Dataset section -

• • • •

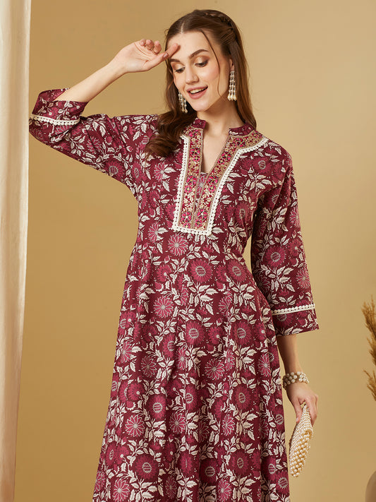 Ethnic Floral Printed & Embroidered Anarkali Flared...
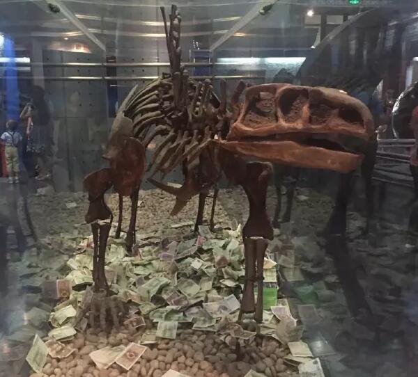 北京自然博物馆,5米长的无齿芙蓉龙骨架展柜,就曾沦为“投币箱”“许愿池”。工作人员称,这些钱大部分是游客从展柜上方和四周的缝隙塞进去的。
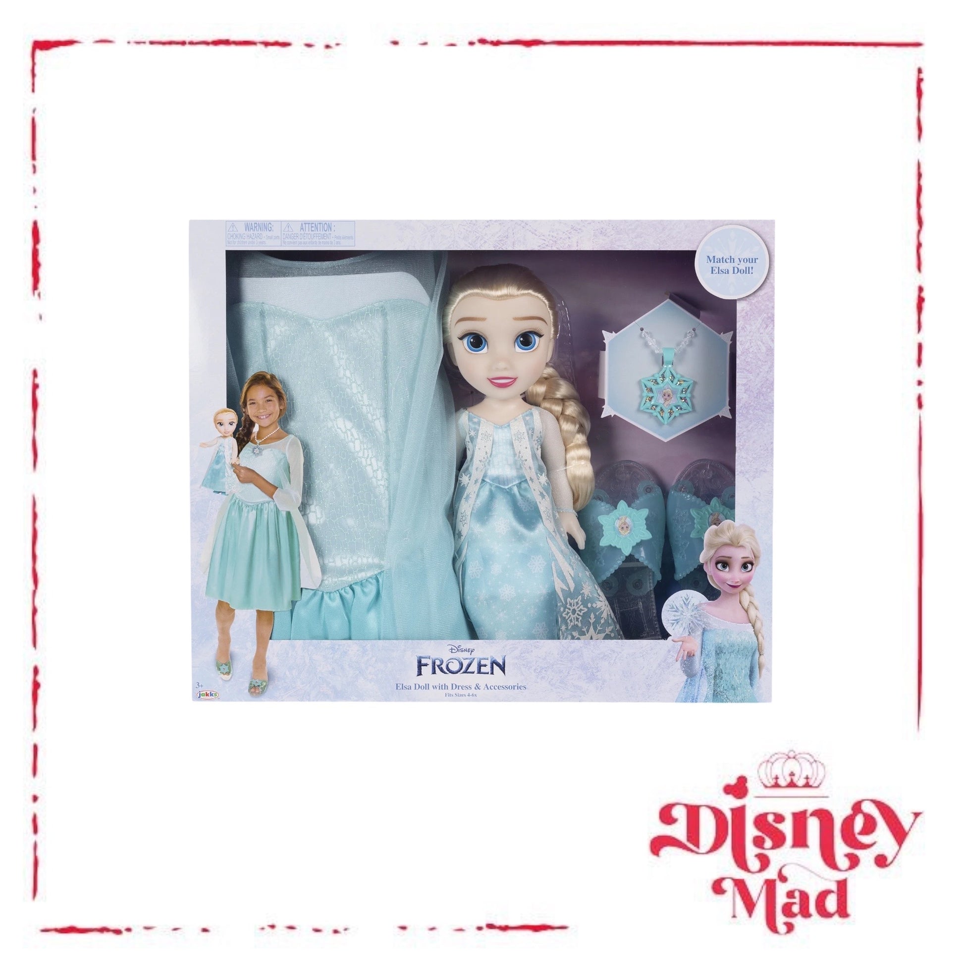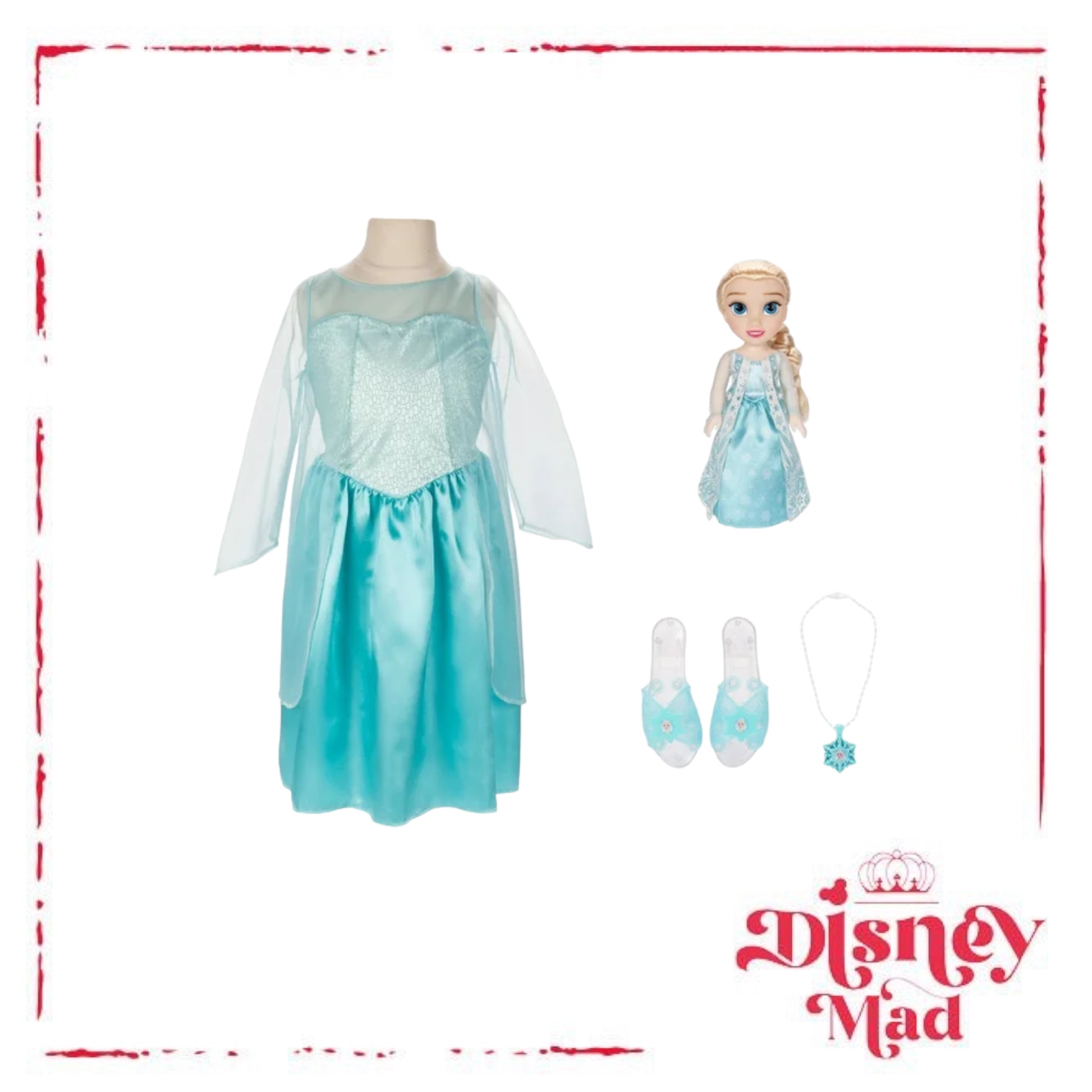 - Includes: 1 Elsa Doll, 1 Elsa Doll Dress, 1 Pair of Elsa Doll Shoes, 1 Elsa Child Dress, 1 Pair of Elsa Child Shoes, 1 Elsa Child Necklace.

• • • •

Exercise directions - Print the material exactly as given, but not the pictures.

Output for this task -
 Ethnic Floral Printed & Embroidered Anarkali Flared...
 北京自然博物馆,5米长的无齿芙蓉龙骨架展柜,就曾沦为“投币箱”“许愿池”。工作人员称,这些钱大部分是游客从展柜上方和四周的缝隙塞进去的。
 - Includes: 1 Elsa Doll, 1 Elsa Doll Dress, 1 Pair of Elsa Doll Shoes, 1 Elsa Child Dress, 1 Pair of Elsa Child Shoes, 1 Elsa Child Necklace.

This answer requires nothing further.